Oleh karena itu, sensus nasional mengenai makanan terhadap pariwisata perlu dilakukan, baik itu untuk mencatat data pelaku hotel, restoran, warung makan sederhana dan warung kaki lima. Bagaimana sumbangannya mereka terhadap dunia wisata daerah dan berapa besar daya tarik dan jumlah wisatawan berkunjung ke tempatnya.

Dari kajian statistisk ini bisa nanti diklasifikasikan kota-kota mana di Indonesia dapat dikategorikan sebagai destinasi wisata gastronomi dan wisata boga. Dalam perjalanan ke berbagai daerah, sepertinya (mungkin saya salah), hanya obyek alam, obyek budaya dan obyek bersejarah yang dipasarkan promosi di negeri ini.

Belum ada promosi wisata gastronomi dan wisata boga yang bisa menjadi andalan utama pemerintah daerah maupun pemerintah pusat. Bandung bisa menjadi contoh bagaimana kota itu begitu gencar dan kreatif memasarkan wisata boga sebagai andalan promosi daerahnya. 

Setiap akhir pekan orang Jakarta datang ke kota Bandung hanya untuk makan. Datang pagi dan pulang malam atau keesokan hari, hanya untuk menikmati aneka kreasi makanan lokal dan non lokal maupun souvenir makanan yang ada di setiap pelosok jalan kota. Jumlah itu sudah mencapai 125 ribu setiap minggu di tahun 2015.

Namun yang pasti untuk menjadikan makanan sebagai obyek pariwisata, diperlukan juga keterlibatan pemangku / otoritas terkait memberi pelatihan, bimbingan, penyuluhan dan pendidikan yang intensif kepada pelaku boga di seluruh daerah agar makanan yang mereka masak dan jual bersih, penampilannya, mengundang selera, dan rasanya enak.
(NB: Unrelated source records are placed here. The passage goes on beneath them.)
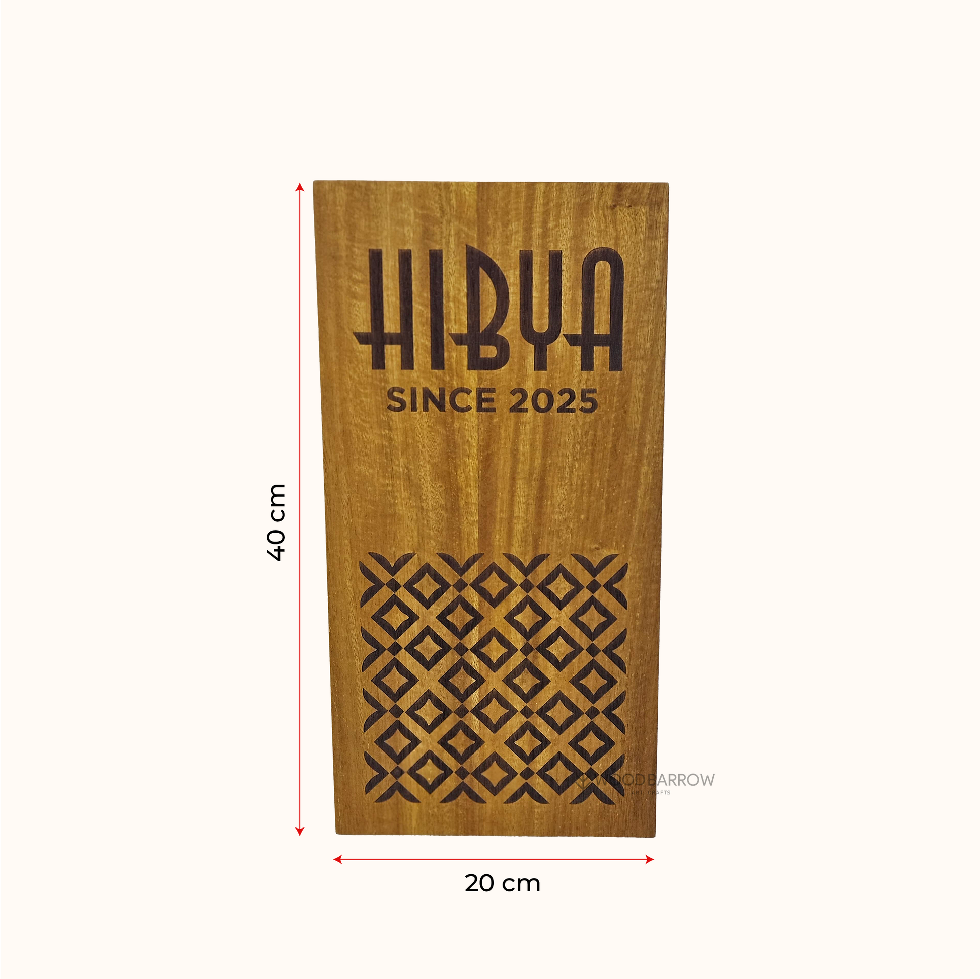 Add vertical elegance to your home or villa entrance with this stunning teak wood name plate, measuring 20cm wide by 40cm tall. Crafted from premium teak wood known for its durability and rich grain, this sign features detailed engraved writings and decorative designs that blend artistry with clear personalization.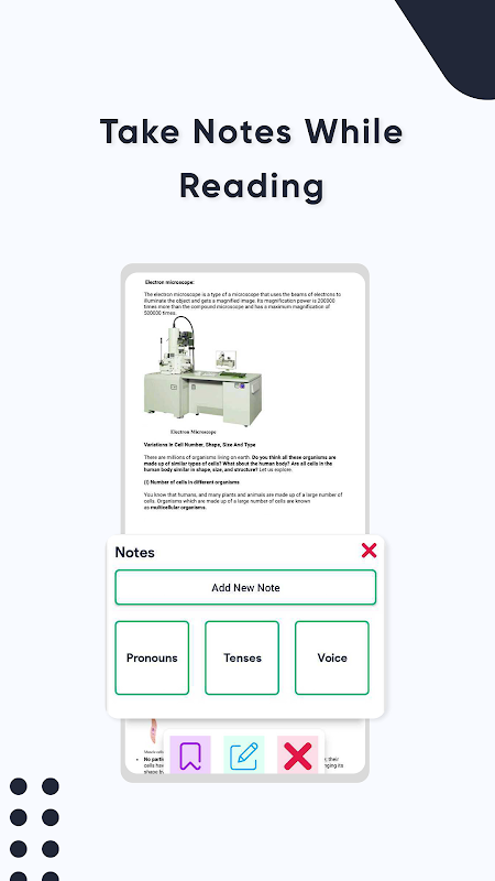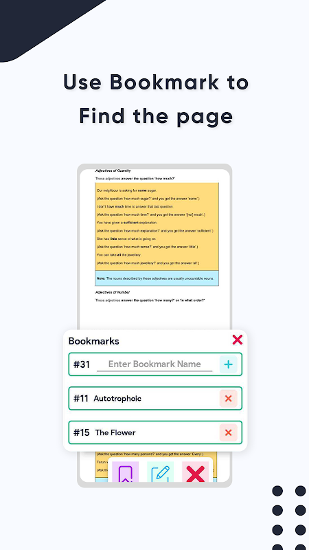 Bu uygulamada ders çalışırken önemli noktaları basit notlar halinde not edebiliyorsunuz ki bu sizin için büyük bir avantaj. Yer imleri özelliğini kullanarak, kaldığınız alanları ve sayfaları kolayca bulabilirsiniz.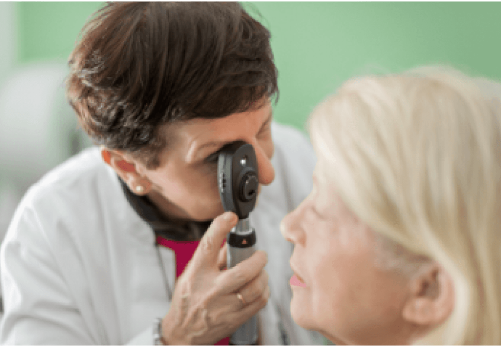 Practitioner examining a patient’s eye using a handheld ophthalmoscope.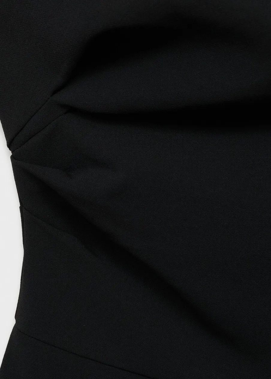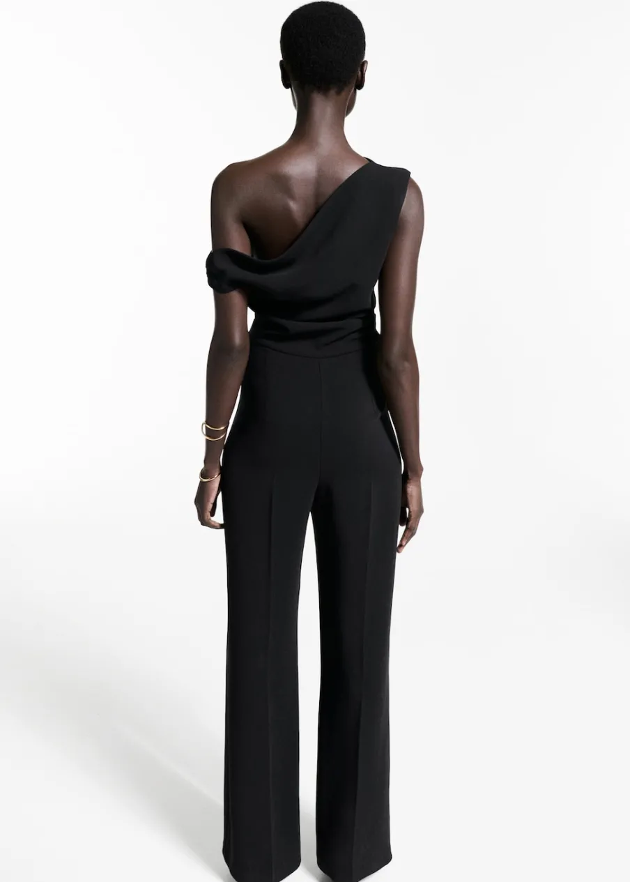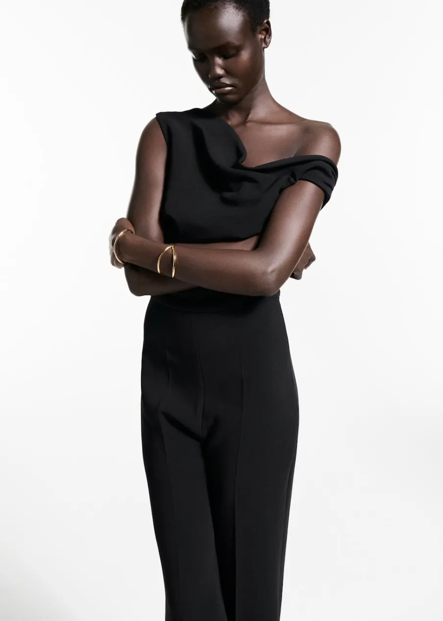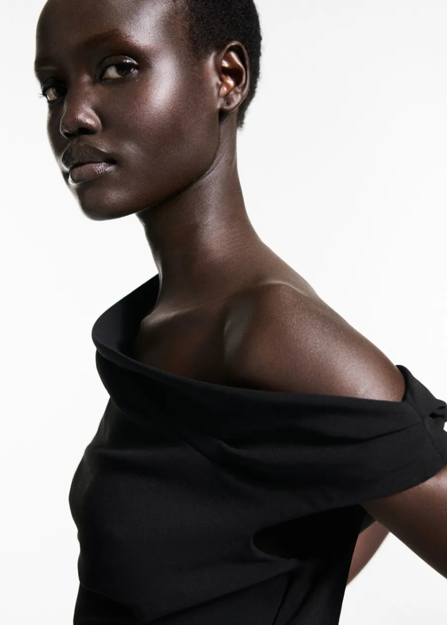 Asymetryczny krój. Fason z odkrytymi ramionami. Model prosty. Model długi. Asymetryczny dekolt. Szerokie ramiączka. Zapięcie z przodu na suwak. Modelka ma 178 cm wzrostu i nosi rozmiar S/36.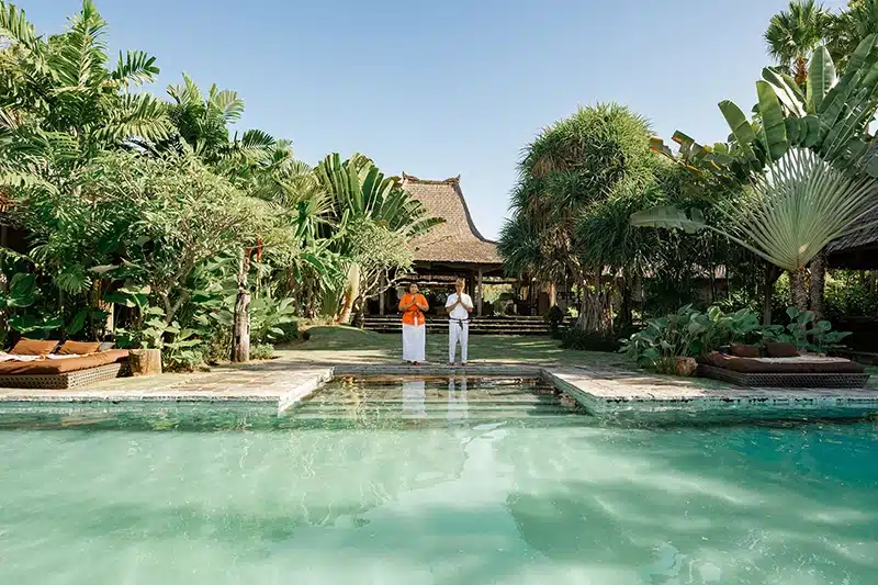 Pour un mariage, la Villa Asli impose une atmosphère chaleureuse et spirituelle. Les jardins tropicaux matures et les pavillons ouverts créent un décor naturel qui nécessite peu d’artifices. C’est le choix parfait pour les couples qui veulent une cérémonie intime, entourés de bois sculptés à la main et d’une végétation dense, tout en gardant un accès facile aux quartiers animés de Seminyak et Canggu. »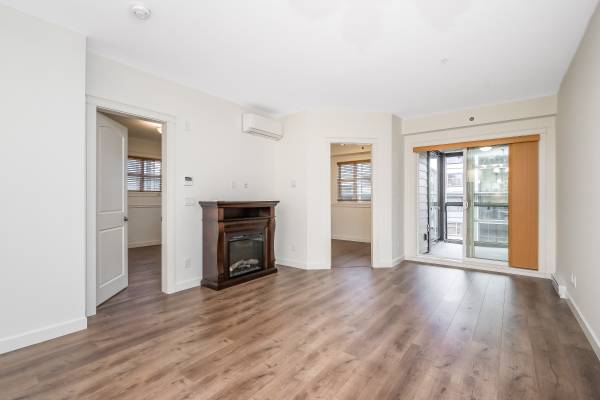 Living & Dining: Bright living area with engineered hardwood floors and a cozy fireplace, opening onto a covered balcony perfect for year-round enjoyment.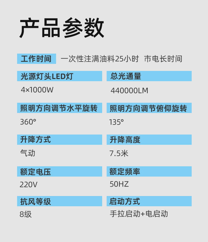 適用于維護搶修、事故處理、防汛抗洪、搶險救災等大面積照明。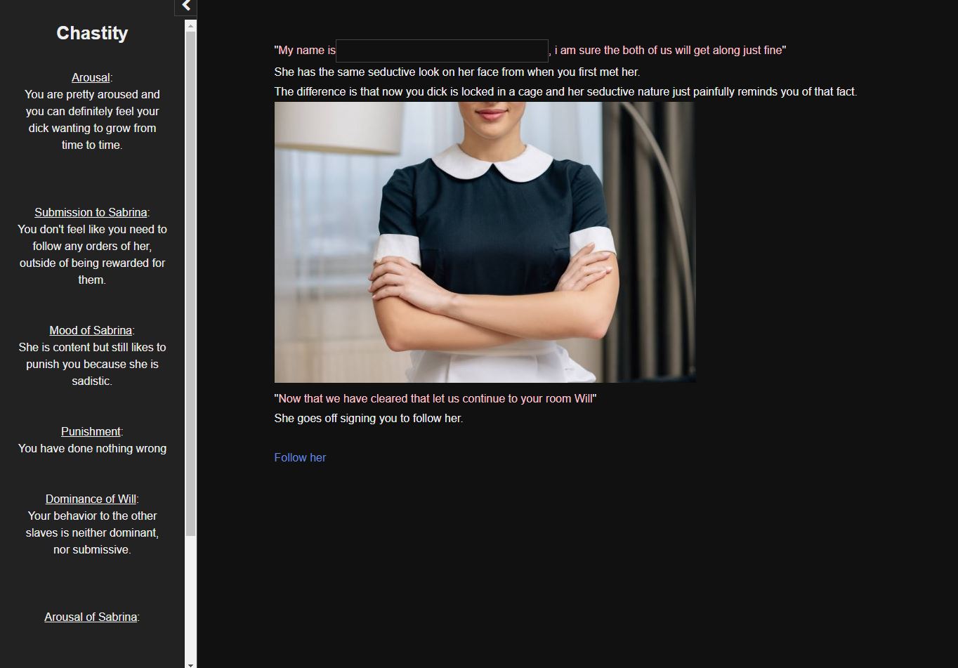 This game is about meeting a dominant woman and becoming her chastity-slave.
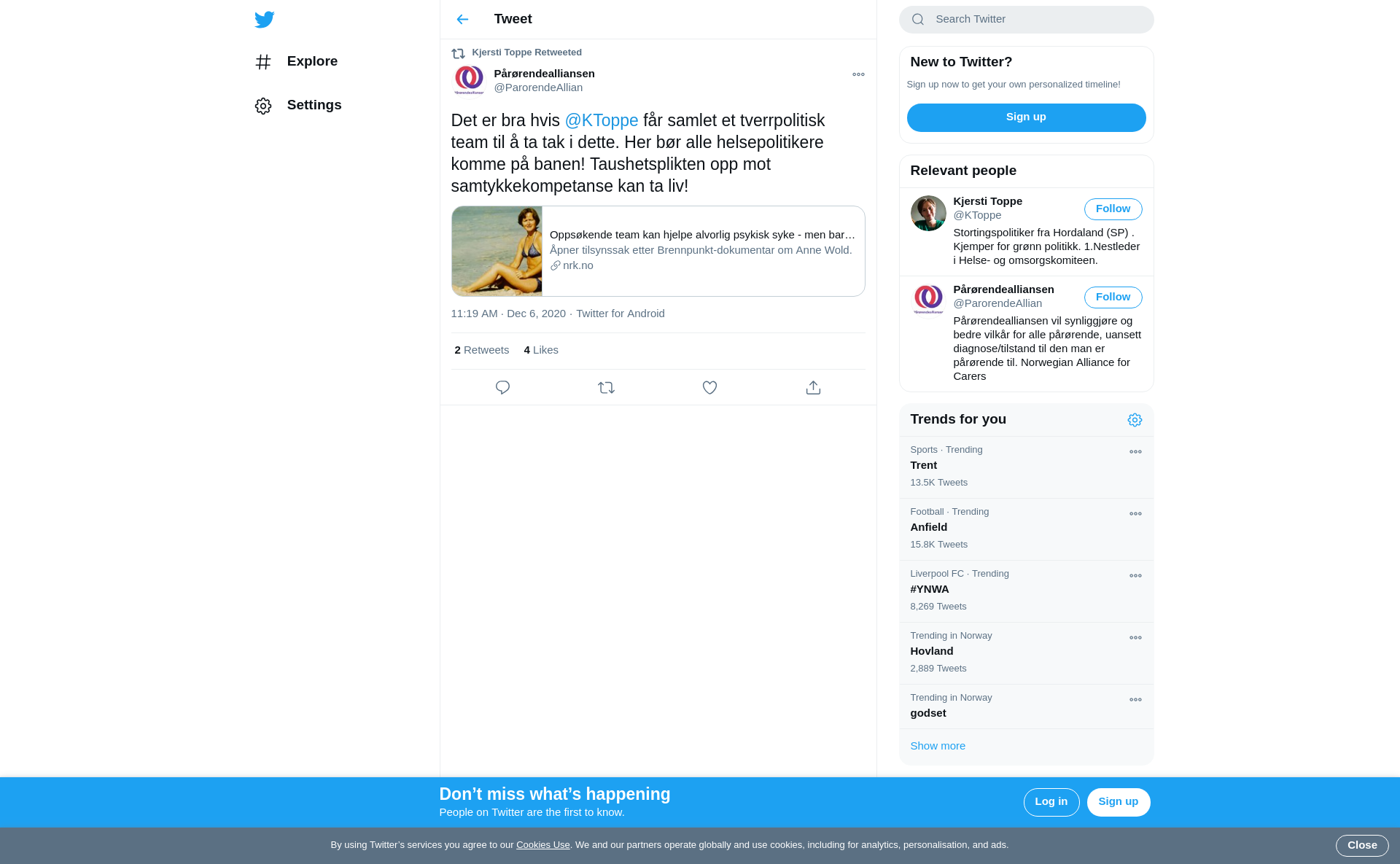 RT @ParorendeAllian: Det er bra hvis @KToppe får samlet et tverrpolitisk team til å ta tak i dette. Her bør alle helsepolitikere komme på banen! Taushetsplikten opp mot samtykkekompetanse kan ta liv! https://t.co/XZGzYGczp8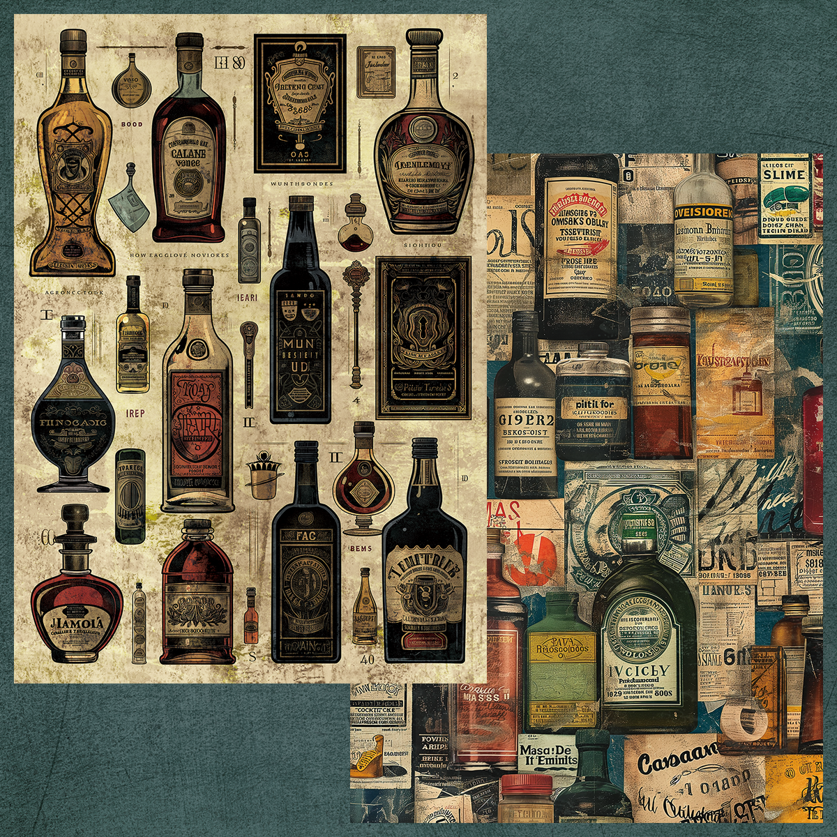 ペーパー【アルコールボトル】 仕様 ブランデーやウイスキーのボトルイメージのデザインです。 渋めの色合いなのでビンテージな雰囲気の作品作りにオススメです。 当店オリジナルの素材を使用しています。 A4両面カラー:上質紙90kg 10枚セット ※商用利用可 在庫状態 : 売り切れ ¥400 只今お取扱い出来ません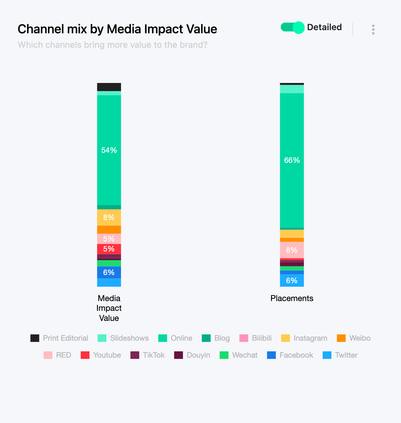 Questa è un'altra area in cui avere una misurazione standardizzata fa la differenza. Utilizzando Media Impact Value (MIV), il tuo mix vocale può essere suddiviso in modo significativo. Grazie a queste informazioni, puoi massimizzare il marketing del tuo marchio di abbigliamento sportivo incanalando le risorse nel mix di voci che generano il maggior ROI .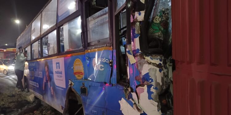 ಮೆಟ್ರೊ ಪಿಲ್ಲರ್ 607ಕ್ಕೆ ಬಿಎಂಟಿಸಿ ಬಸ್ ಡಿಕ್ಕಿ ಹೊಡೆದಿದೆ. ಪರಿಣಾಮ ವಾಹನದಲ್ಲಿದ್ದ 10ಕ್ಕೂ ಅಧಿಕ ಜನರು ಗಾಯಗೊಂಡಿದ್ದು, ಆಸ್ಪತ್ರೆಗೆ ದಾಖಲಾಗಿ ಚಿಕಿತ್ಸೆ ಪಡೆಯುತ್ತಿದ್ದಾರೆ.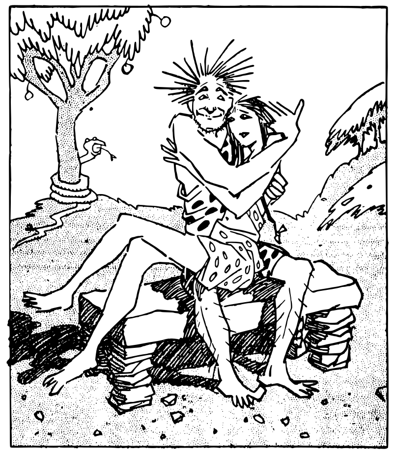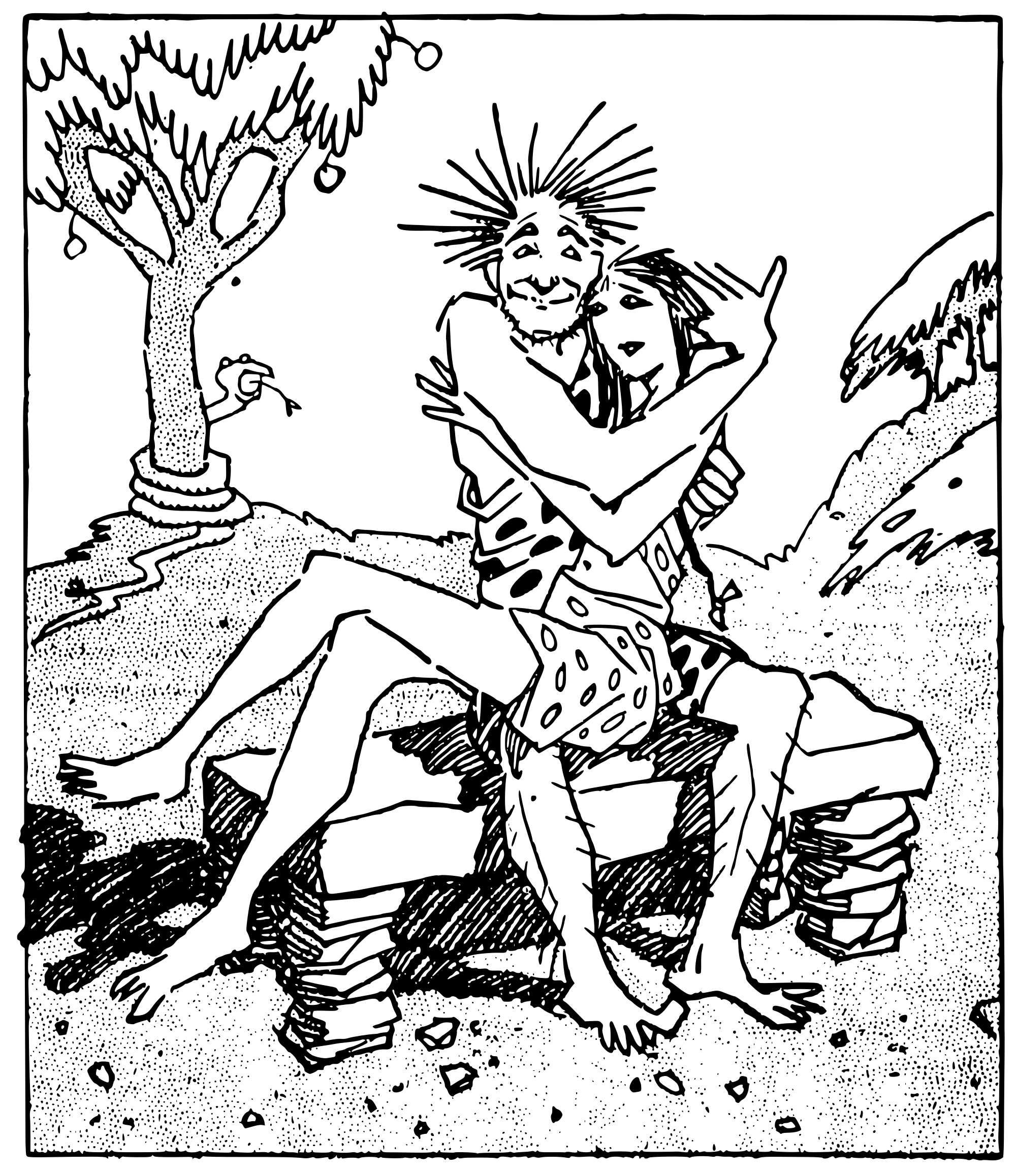 primitive caveman and cavewoman couple (or there's an apple tree and a snake, so maybe cave adam and eve?)

Jika melihatnya, seakan-akan seluruh panca - indra konsumen juga ikut makan.

Sejauh ini diketahui Pemerintah hampir tidak pernah menyentuh mereka. Padahal mereka adalah pelaku usaha dan jejaring penentu agar makanan sampai di mulut konsumen. Mereka adalah pelaku utama yang harus menafsirkan terus - menerus pergerakan selera dan budaya baru konsumen.

Semoga pemikiran ini bisa menjadi masukan, mengingat sektor makanan bisa memberi sumbang besar terhadap PDB (produk domestik bruto) masing-masing daerah disamping dapat membuka lapangan kerja baru.